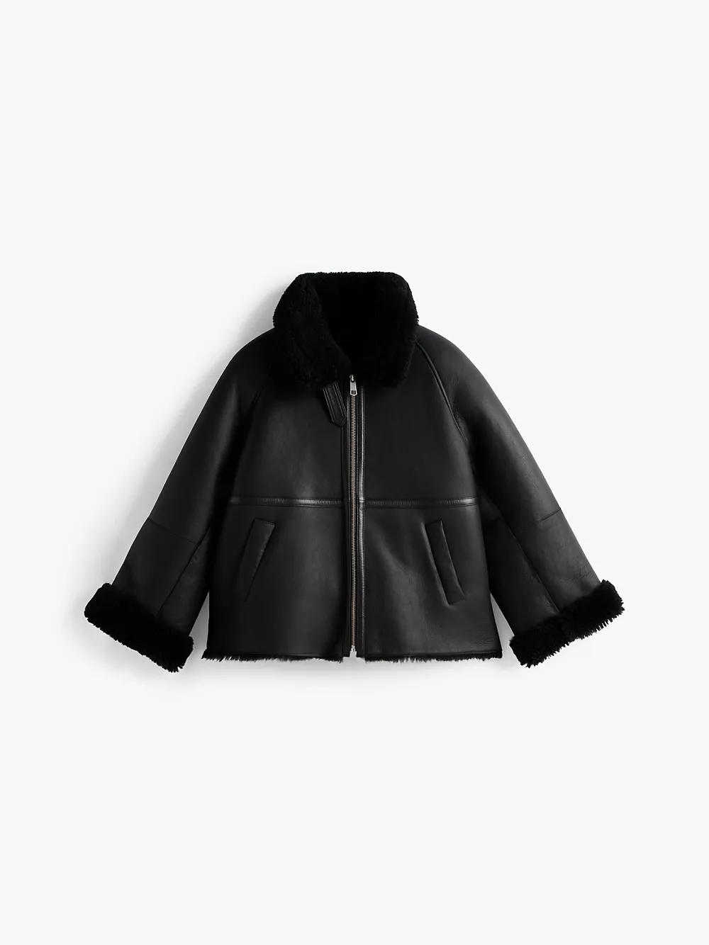 - Buckle strap at collar, zip closure, welt pockets, shearling collar and lining.
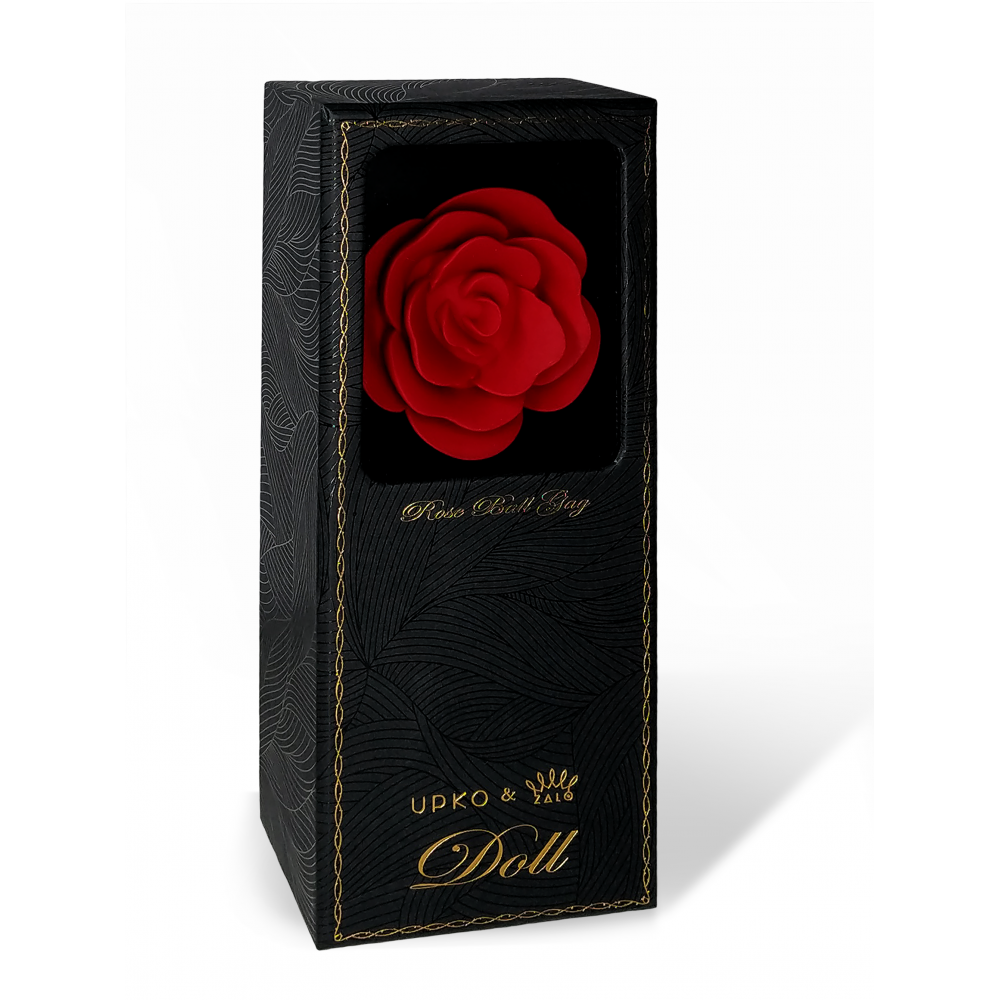 Кляп у вигляді троянди з силікону та італійської шкіри, червоно-чорного кольору, Rose Ball Gag UPKO
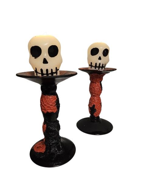 Halloween glass 2 sided candle holders (2) handpainted using vintage materials
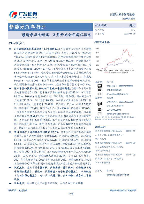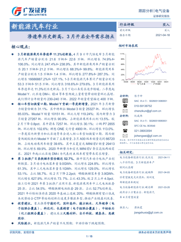 【广发证券】【20210418】新能源汽车行业跟踪分析:渗透率历史新高,3月开启全年需求拐点-15页

What you have to do ->
Please return the lines from the line with "Halloween glass 2" through the last line of the data, both included, exactly, and without pictures.

Your response ->
 Halloween glass 2 sided candle holders (2) handpainted using vintage materials
 【广发证券】【20210418】新能源汽车行业跟踪分析:渗透率历史新高,3月开启全年需求拐点-15页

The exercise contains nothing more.